VERA – Eu sei que quando a Marília tava com dois anos e meio, eu já tinha três filhos, tinha ela, o Flávio e a Laura...

Naquela época bastava sacudir uma cueca perto de mim que eu engrávidava.

00:10:00 M.S.

VERA – Eu gostava muito de andar descalça, detestava colocar sapato.

Chutava bola, a gente chamava de futebol, mas era só chutar a bola.

(4)

00:10:30 M.S.

GABRIEL – Eu era chorão, mas evitava, tinha vergonha, né... por que os meninos gozavam os chorões, eles falavam: “oh manteiga derretida, chorão...” então a gente aprende a reprimir.

00:11:03

GABRIEL – Eu lembro que eu ia pros acampamentos, ficava muito carente, e eu lembro que eu gravei uma cançãozinha da Laura cantando com a Julinha: “eu sou a pituchinha, gosto de doce de leite, por isso tirei a caixinha”...

00:11:49 M.S.

VERA – Minha mãe era muito macia, mas ela pouco tinha tempo pra abraçar a gente, por que ela trabalhava muito.

- Ela que costurava pra nós, ela fazia comida...

- Senti muito a morte dela... sinto até hoje, sinto falta dela, do carinho dela, do riso dela; sinto no coração e na memória.

00:13:17 M.S.

VERA – Eu sou mais impetuosa, ele é mais calmo.

- Eu sou mais... real, ele mais sonhador.

- Ele chega sempre atrasado, eu chego sempre adiantada.

- E fica aí se deliciando com as obras de Castro Álves, Machado de Assis...

(5)

00:14:43 M.S

GABRIEL – “Oh, eu quero viver, Beber perfume na flor silvestre que embalsama os ares, Ver minha alma

adejar pelo infinito, Qual branca vela na amplidão dos mares, No seio da mulher há tanto aroma, Nos seus beijos de fogo há tanta vida, Árabe berrante, Vou dormir à tarde à sombra fresca da palmeira erguida”.

00:15:27 M.S

GABRIEL - A mocidade é a glória. Naquele poema:

Mocidade e Morte você vê quão bonita é a mocidade, né.

VERA – Algumas vezes eu tenho certas dificuldades, de me movimentar, de dizer algumas palavras, de cantar, a voz não sai...

Eu vejo que isso é a idade que ta... mudando.

00:16:24 M.S.

GABRIEL – É, eu não tenho angustia de Castro Álvares não, a morte pra nós que temos 80 anos é um , uma coisa natural que pode vir a qualquer hora, e nós temos que encarar... assim e não ter muito medo.

- Agora, na hora que ela vier chegando eu sei que vai dar medo... quando ele tiver mais perto... pelo menos é o que dizem os poetas.

00:17:28 M.S.

VERA – Mas em compensação, a gente conhece mais

coisas, a gente distingue melhor as aproximações das pessoas que tem mais carinho com a gente.

- Essa percepção das coisas que nos envolvem aumenta com... com a idade.

(6)

- Uma delas é essa aqui, ó... mas isso sempre foi assim, isso é muito importante. Não é qualquer pessoa que tem momentos assim, como eu tenho com ele.

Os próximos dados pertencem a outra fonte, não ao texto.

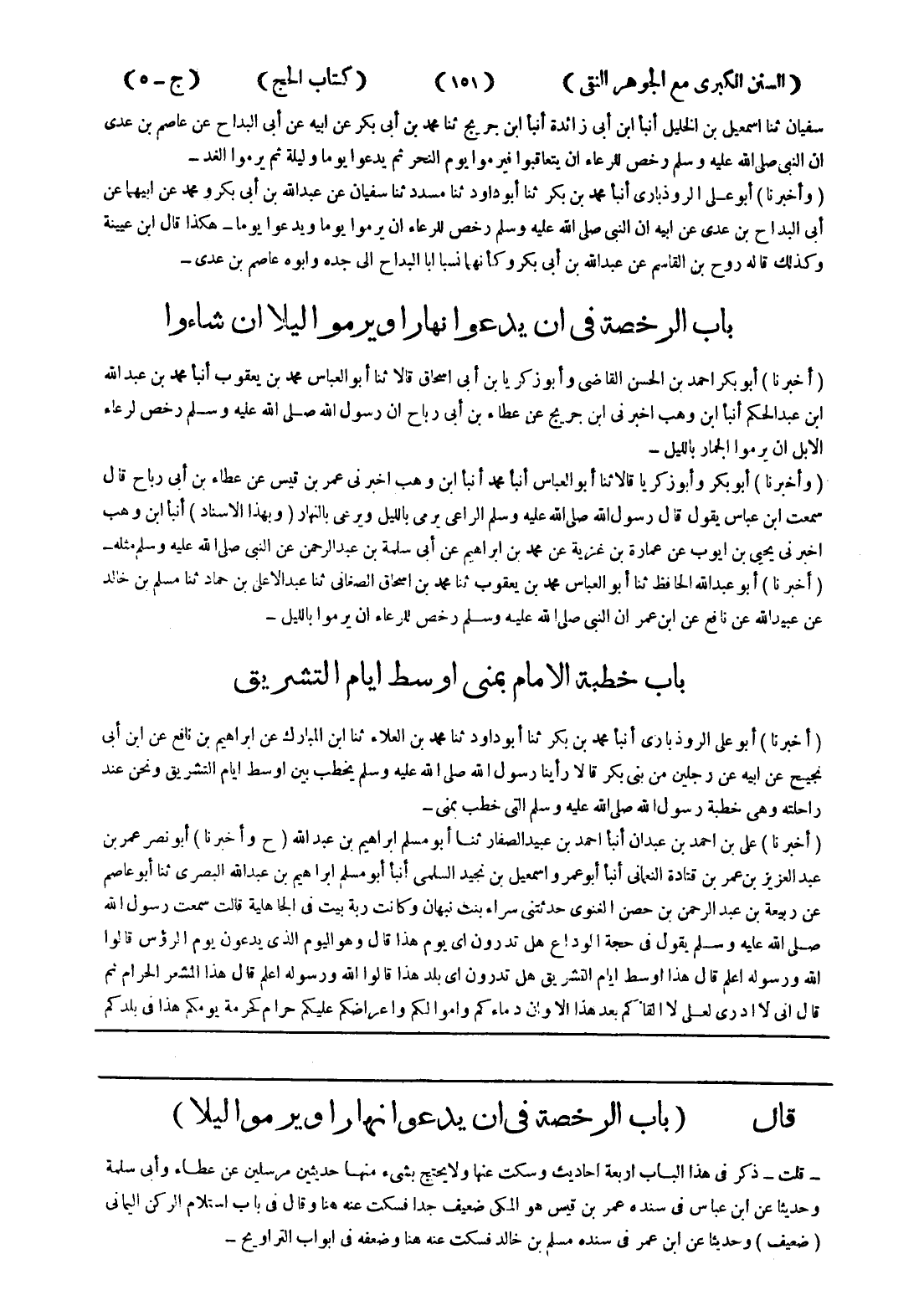قال (باب الرخصة في ان يدعو انها راوير مواليلا) - قلت - ذكر في هذا الباب اربعة احاديث وسكت عنها ولا يحتج بشئ منها حديثين مرسلين عن عطاء وأبى سلمة وحديثا عن ابن عباس في سنده عمر بن قيس هو المكى ضعيف جدا فسكت عنه هنا وقال في باب استلام الركن اليماني (ضعيف) وحديثا عن ابن عمر في سنده مسلم بن خالد فسكت عنه هنا وضعفه في ابواب التراويح -

- Que a gente sente o apoio um do outro, sem precisar falar nada, só de cruzar o olhar...

GABRIEL – É mesmo.

VERA – Não é!!! É a melhor coisa do mundo!

00:18:45 M.S.

VERA – Nós não temos mais aquela paixão do início, né... a gente tem ainda aquele carinho um com o outro, e é um carinho mesmo. Assim, puro, muito

suave, muito agradável, que dá estímulo pra gente de continuar tudo.

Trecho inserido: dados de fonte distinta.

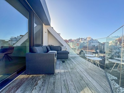 Recent duplex dakappartement (132m²) met ruime terrassen (17m²) gelegen op de hoek van de Zoutelaan en de Piers de Raveschootlaan, op wandelafstand van de Dumortierlaan en de Lippenslaan.
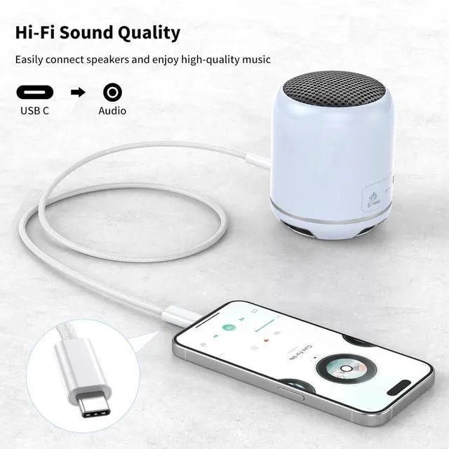 Type-C phones(Note: not support for connecting a mobile phone with a 3.5 mm port to a headset with a USB C port)Audio Cable for iPhone 16Our USB Type C to 3.5 mm Aux Cable has completed MFi certification requirements. This iPhone 16 aux cord built with original terminal and smart chip ensure completely and securely connect with your devices.
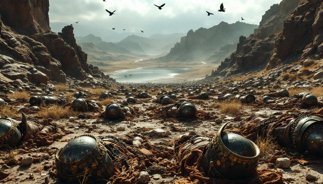 Ultra-realistic . Wide shot of the now silent pass, only the sound of the wind and the crows can be heard. [Fallen warriors in Achaemenid Persian helmets and helmets with chain veils lie scattered across the scene.]

- A gente não sabe viver separado mais não.

- Nossa vida é toda entrelaçada mesmo.

00:20:10 M.S.

GABRIEL – Ô senhor… Mire veja: o mais importante e

bonito, do mundo, é isto: que as pessoas não estão sempre iguais, ainda não foram terminadas – mas que elas vão sempre mudando. Afinam ou desafinam. Verdade maior. É o que a vida me ensinou. Isso que me alegra, montão.